Of Schools and the Dream of Quality Education

Iremember back in the day, when I was a teacher in a private institution in Istanbul. The school was part of a conglomerate of schools whose focus was on Islam.



By Maryam Ismail

Published: Tue 7 Apr 2009, 11:49 PM

Last updated: Mon 6 Apr 2015, 12:42 AM

This was after the hijab ban and every time the inspectors had came the school was literally turned upside down. First of all, the inspectors didn’t come for just one day; they came for a week or two. They were there all day. They even had their own smoking room. Yes, smoking room. During those days, we did the official programme. Since I was a foreigner, and just the English teacher, I wasn’t sure what that meant—what I did know, was that it was always a stressing time.

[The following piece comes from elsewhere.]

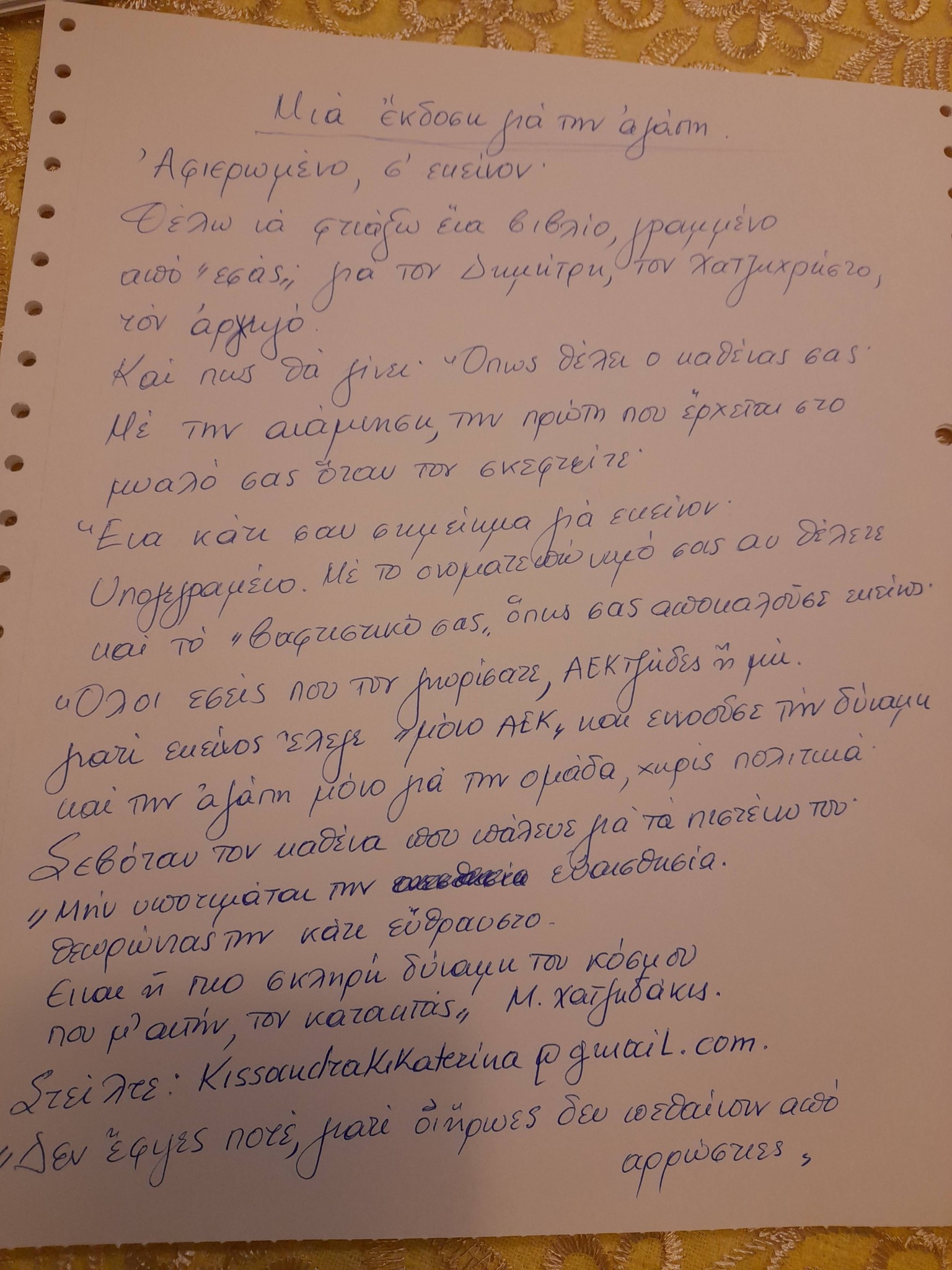 Στείλτε: kissandrakikaterina@gmail.com.

First of all, female faculty members, who normally wore hijab in the outside world, were not permitted to wear in school in the corridors, however, they were seen by only the few male teachers (some of whom were family members) inside the school and were not exposed to strangers from outside the schools.

Next come the psychological battles. One of them was the handshake. In general Muslim women don’t shake hands with men. Even in Turkey. So as a test to check the secularism of the school, the inspectors would enter the classroom, walk up to the teacher, and put his hand out for her to shake. I remember that one teacher was so upset she came to the staff room grumbling. Why did he put his hand out, she asked! There were other changes such as the curriculum; even the lesson plans, which were shown to the inspector were all fakes and each teacher had to sign off on them.

The school management saw this as a necessary even to remain open. Their mission of providing a space for students, parents, and teachers who practiced Islam superseded the need to follow the dogmatic secularism of the state. Something similar happened when I first came to the UAE almost 10 years ago.

There was also an inspector incident where for those few days, the classrooms were decorated in Arabic pictures and the halls filled with school-like decorations and then, after the inspection time was over, the pictures came down, and once again the class had its bare beige walls.

These might seem like curious anecdotes, but they have one important element in them and that is deceit. In the first incident, it served to benefit everyone who had a single-minded goal, and the second one was something all together different. It was merely to make the school look good in the eyes of the officials.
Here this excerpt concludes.